Chinese Vice Premier Liu He is expected to be in Washington on Thursday and Friday of this week as part of a Chinese delegation to try to reach a deal before the new tariff deadline, U.S. Trade Representative Robert Lighthizer said as he briefed reporters with U.S. Treasury Secretary Steven Mnuchin.
Trump on Sunday tweeted that he would raise tariffs on $200 billion worth of Chinese goods to 25 percent from 10 percent by the end of the week, and would “soon” target the remaining Chinese imports with tariffs, sending stocks and oil prices lower.
“Over the course of the last week or so we have seen … an erosion in commitments by China,” Lighthizer said, adding that China’s retreat from those commitments would have led to substantive changes in the text of the deal. “That in our view is unacceptable.”
Trump wants to see a deal with substantial structural changes to Chinese policies but that is not where the two sides are at the moment, Lighthizer said, adding that the two sides were still talking.
“We’re not breaking off talks at this point. But for now … come Friday there will be tariffs in place,” Lighthizer said.
Mnuchin told reporters that it became clear over the weekend that Chinese negotiators were trying to “go back on language that had been previously negotiated, very clear language, that had the potential of changing the deal dramatically.”
The two cabinet officials did not divulge the nature of the backtracking.

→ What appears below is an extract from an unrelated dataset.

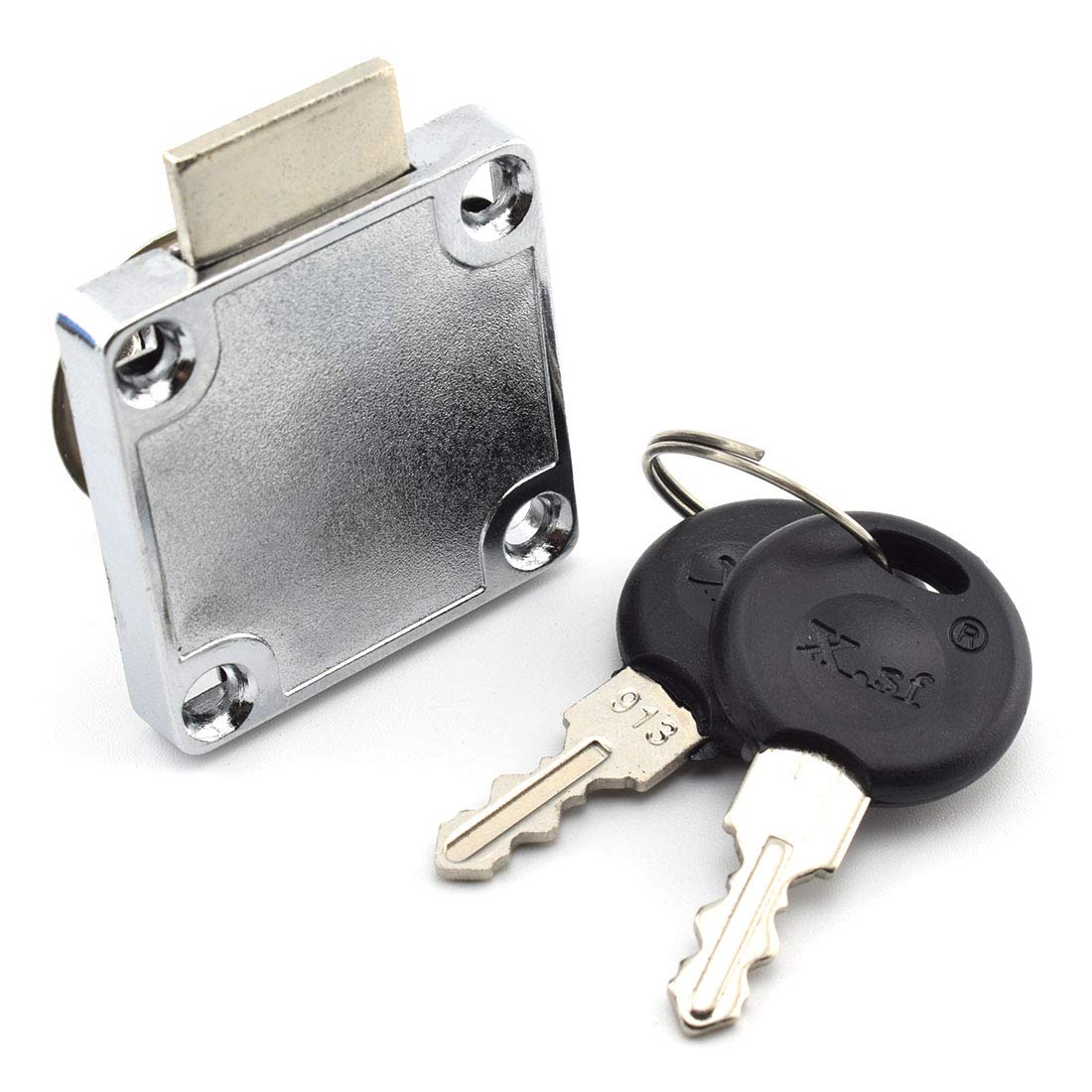 Q: What materials are used in the construction of this drawer lock?A: The drawer lock is made from high-quality zinc alloy with a chrome-plated surface, ensuring durability and rust resistance.

A person familiar with the talks said that the Chinese side was seeking to deal with any policy changes through administrative and regulatory actions, not through changes to Chinese law as previously agreed.
“It undermines the core architecture of the deal,” the person said, adding that not codifying the concessions would make it difficult to verify and enforce China’s compliance.
Speaking on condition of anonymity due to the sensitive nature of the talks, the person said that under China’s system in which the Communist Party has ultimate control, changes in law are the only way to get even a small measure of certainty.
TRUCE ENDS
Trump’s tariff announcement abruptly ended a five-month truce in a trade war that has cost the two countries billions of dollars, slowed global growth and disrupted manufacturing supply chains and U.S. farm exports.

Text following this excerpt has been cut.